--- DATA EXTRACT ---

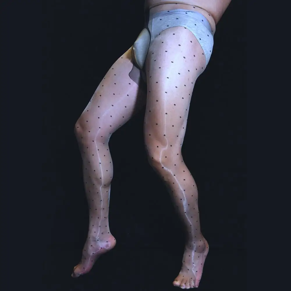 Тонкие блестящие колготки в горошек унисекс 1D, мужские колготки для пениса, горячие брюки, нейлоновые леггинсы без промежности, женские чулки
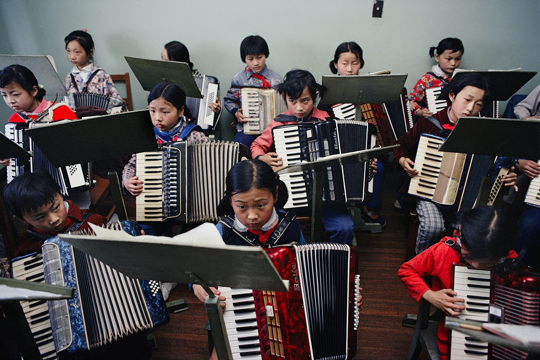 布鲁诺·巴贝,上海少年宫手风琴班,上海,摄影,艺术微喷,1980,75×110cm 在彩色摄影尚未得到重视的时代,巴贝率先尝试柯达克罗姆彩色胶卷,这在当时是颇有勇气的先锋之举。
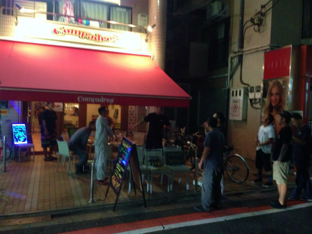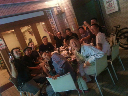 では では と、   みんな で  晩飯  食べに  行くことに  なりまして
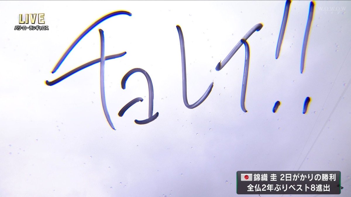 錦織が4回戦勝利後にカメラに書いた「チョレイ」はテレ東に対してのツッコミだったのね!
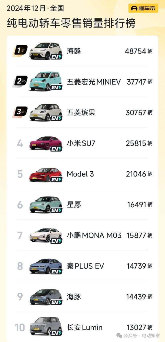 李肖爽贴出的纯电轿车销量榜显示,2024 年 12 月,小米 SU7 销量为 25815 辆,排名第五;特斯拉 Model 3 销量为 21046 辆,排名第六。排在前三的分别为比亚迪海鸥、五菱宏光 MINIEV、五菱缤果。
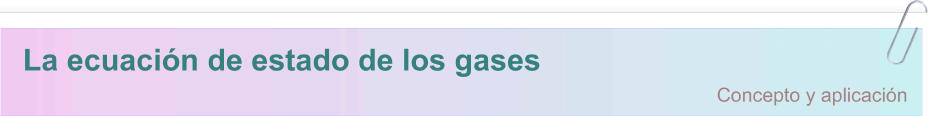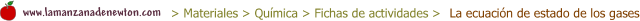 Un gas contenido en un recipiente queda caracterizado por la presión a la que se encuentra, su volumen y su temperatura. Si conocemos los valores de estas magnitudes, podemos calcular la cantidad de gas que hay en el recipiente. Para un gas contenido en un recipiente, se cumple que el producto de la presión por el volumen que ocupa, es igual al producto del número de moles de gas que hay en el recipiente, por la constante de los gases (R) y por la temperatura. PV = nRT. Esta es la llamada ecuación de estado de los gases perfectos, que se puede aplicar a cualquier sustancia gaseosa que se comporta idealmente, lo cual quiere decir que sus partículas se mueven libremente chocando unas con otras y con las paredes del recipiente como dice la teoría cinética, pero sin que existan fuerzas de atracción entre ellas.
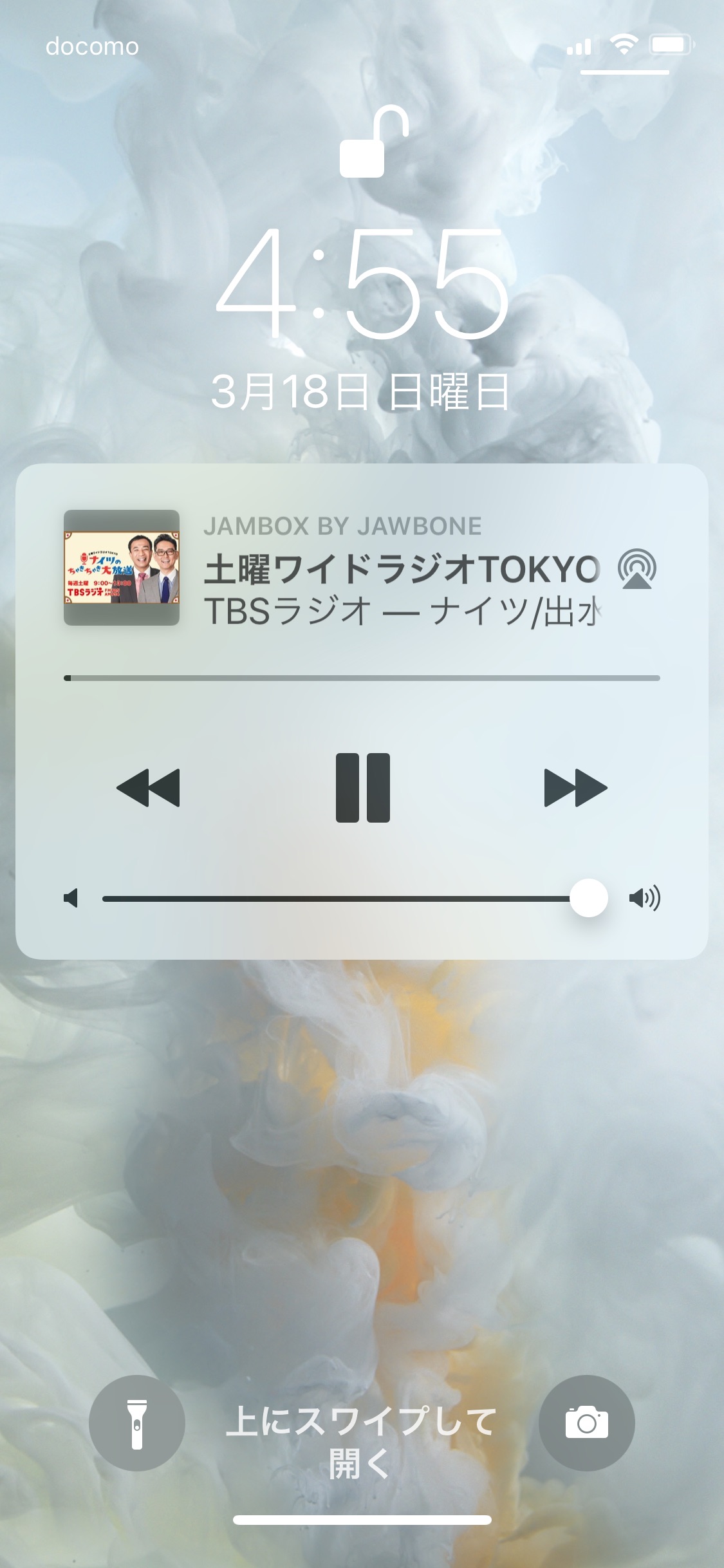 このスクショはラジコで土曜ワイドを聞いてる時ではなく、ミュージックで音楽を聞いてる時のものです。一度本体の電源を切るまではずっとこのラジコが残ったままになります。
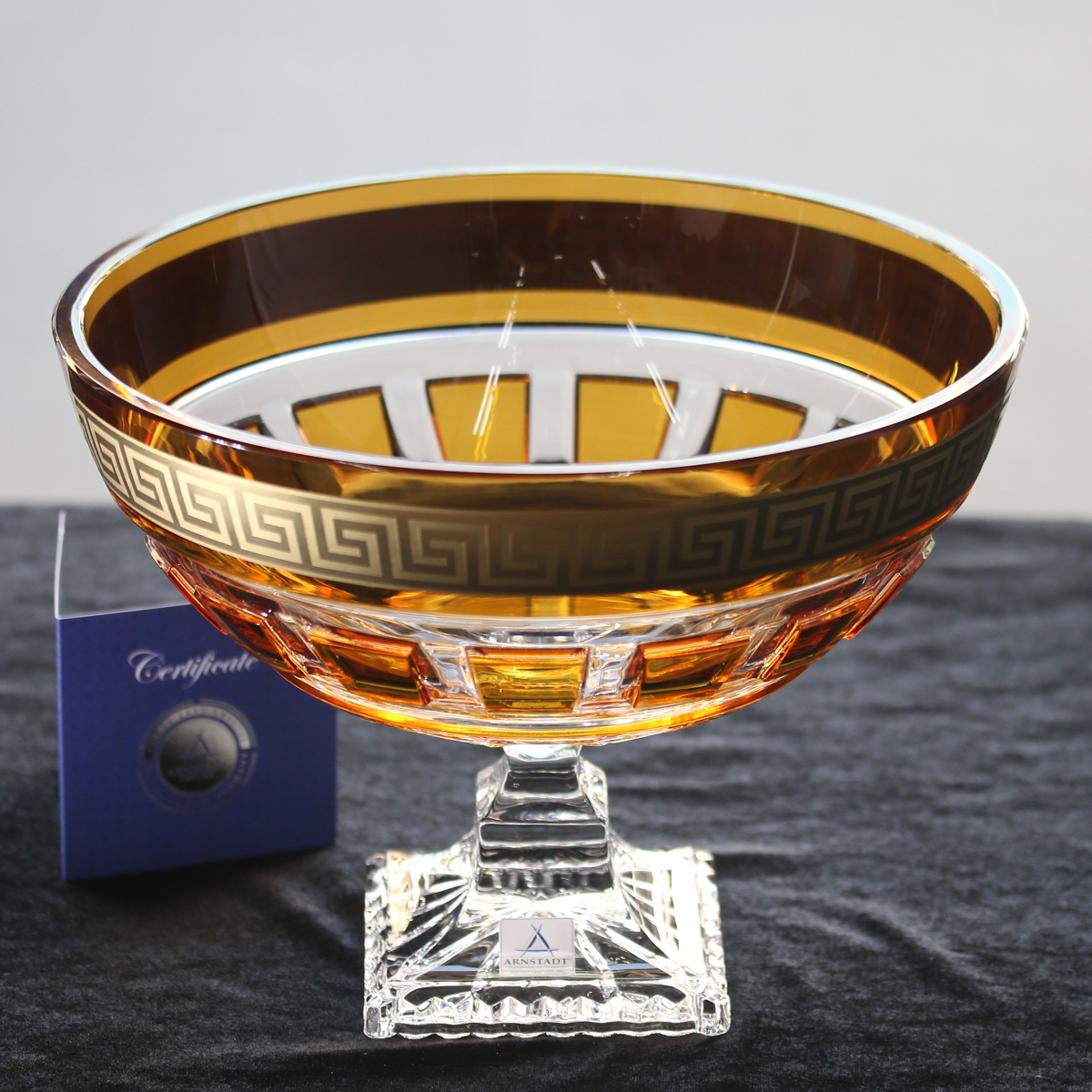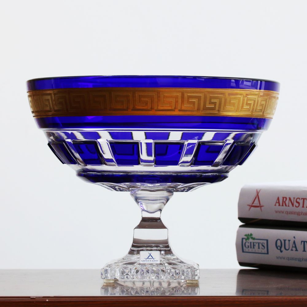 Trên miệng đĩa, vòng vàng được vẽ tay với hoa văn Hy Lạp cổ điển, biểu tượng cho sự vĩnh hằng và trường tồn, khiến tác phẩm trở nên sống động và giàu giá trị nghệ thuật. Phần chân đế chắc chắn nâng đỡ thân đĩa loe rộng, cân bằng hoàn hảo giữa sự uyển chuyển và vững chãi. Khi ánh sáng chiếu rọi, những khối vát trên thân đĩa phản chiếu lung linh, tạo nên một bức tranh ánh sáng ấm áp và huyền bí. Đây không chỉ là một chiếc đĩa pha lê, mà là vầng hào quang sang trọng tô điểm cho mọi không gian cao cấp, từ phòng khách biệt thự cho đến sảnh tiếp khách ngoại giao.
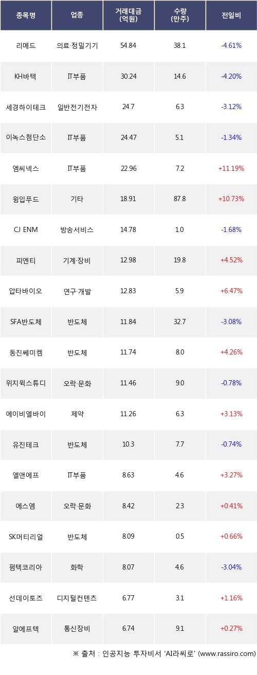 기관 투자자의 순매도 상위 20개 종목은 리메드, KH바텍, 세경하이테크, 이녹스첨단소재, 엠씨넥스, 윙입푸드, CJ ENM, 피엔티, 압타바이오, SFA반도체등이다.

---

### BRIEF
Copy nothing but the lines from the start of the entries through the line with "李肖爽贴出的纯电轿车销量榜显示,2024 年 12". Write them out exactly, without pictures.

### RESPONSE TO THE TASK
 Тонкие блестящие колготки в горошек унисекс 1D, мужские колготки для пениса, горячие брюки, нейлоновые леггинсы без промежности, женские чулки
 布鲁诺·巴贝,上海少年宫手风琴班,上海,摄影,艺术微喷,1980,75×110cm 在彩色摄影尚未得到重视的时代,巴贝率先尝试柯达克罗姆彩色胶卷,这在当时是颇有勇气的先锋之举。
 では では と、   みんな で  晩飯  食べに  行くことに  なりまして
 錦織が4回戦勝利後にカメラに書いた「チョレイ」はテレ東に対してのツッコミだったのね!
 李肖爽贴出的纯电轿车销量榜显示,2024 年 12 月,小米 SU7 销量为 25815 辆,排名第五;特斯拉 Model 3 销量为 21046 辆,排名第六。排在前三的分别为比亚迪海鸥、五菱宏光 MINIEV、五菱缤果。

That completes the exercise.